Question

Charges of \(-12.0 \mathrm{nC}\) and \(-22.0 \mathrm{nC}\) are separated by $0.700 \mathrm{m} .$ What is the potential midway between the two charges?

Short answer

Question: Determine the electric potential at the midpoint between two charges of \(-12.0 \, \mathrm{nC}\) and \(-22.0 \, \mathrm{nC}\) separated by a distance of \(0.700 \, \mathrm{m}\). Answer: The electric potential at the midpoint between the two charges is \(-876 \, \mathrm{V}\).

Step-by-step solution

Convert the charges to coulombs

We need to convert the charges from nanocoulombs to coulombs. Recall that 1 nC = \(10^{-9}\) C. \(-12.0 \, \mathrm{nC} = -12.0 \times 10^{-9} \, \mathrm{C}\) \(-22.0 \, \mathrm{nC} = -22.0 \times 10^{-9} \, \mathrm{C}\)

Find the distance to the midpoint

The distance between the charges is \(0.700 \, \mathrm{m}\), so the distance to the midpoint is half of that: \(r_{mid} = \frac{0.700}{2} \, \mathrm{m} = 0.350 \, \mathrm{m}\)

Find the electric potential due to each charge at the midpoint

We can use the formula \(V = k\frac{q}{r}\), where \(k\) is the electrostatic constant (\(k = 8.99 \times 10^9 \, \mathrm{Nm^2/C^2}\)). For the \(-12.0 \times 10^{-9} \, \mathrm{C}\) charge: \(V_1 = k\frac{q_1}{r_{mid}} = (8.99 \times 10^9 \, \mathrm{Nm^2/C^2})(-12.0 \times 10^{-9} \, \mathrm{C}) / (0.350 \, \mathrm{m})\) For the \(-22.0 \times 10^{-9} \, \mathrm{C}\) charge: \(V_2 = k\frac{q_2}{r_{mid}} = (8.99 \times 10^9 \, \mathrm{Nm^2/C^2})(-22.0 \times 10^{-9} \, \mathrm{C}) / (0.350 \, \mathrm{m})\)

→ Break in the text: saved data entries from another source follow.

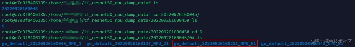 进入以时间戳命名的dump文件存放路径下,找到刚记录的名称为name值的文件夹,例如ge_default_20220926160231_NPU_61,则下图目录下的文件即为需要的dump数据文件:
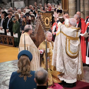 在威斯敏斯特教堂,查尔斯坐在14世纪的加冕椅上。在大约100位来自世界各地的领导人和无数电视观众的注视下,英国圣公会精神领袖坎特伯雷大主教缓缓将有着360年历史的圣爱德华王冠戴在查尔斯的头上。 查尔斯的第二任妻子卡米拉加冕为王后。
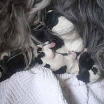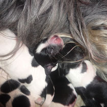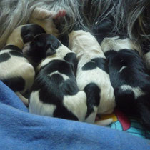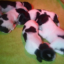 Sie war sehr zufrieden mit unseren Aufzuchtbedingungen und alle Welpen sind zufrieden, wie auch
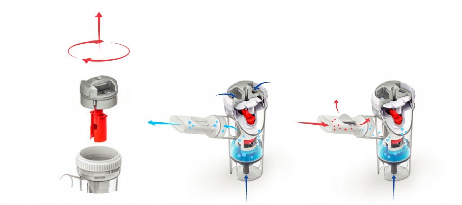 Система клапанов оптимизирует доставку лекарства пациенту и ограничивает его дисперсию. Небулайзер легко чистится, все элементы можно разобрать и промыть. Небулайзер позволяет легко менять размер частиц, поворачивая крышку RF9.
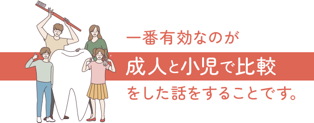「お子さんの歯が並んでいないのは理想の発育量に足りていないから」「顎は10歳までに80%成長するので10歳までに理想の発育量に戻さないといけない」ということを伝えてください。(この時に知らないことを責めるような話し方はNG)

Sum the electric potentials to find the total potential at the midpoint

We can simply add the potential due to each charge to find the total potential at the midpoint. \(V_{total} = V_1 + V_2\) Plug in the values we found in Step 3 and perform the calculation. \(V_{total} = (-3.08 \times 10^2 \, \mathrm{V}) + (-5.68 \times 10^2 \, \mathrm{V}) = -8.76 \times 10^2 \, \mathrm{V}\) So, the electric potential at the midpoint between the two charges is \(-876 \, \mathrm{V}\).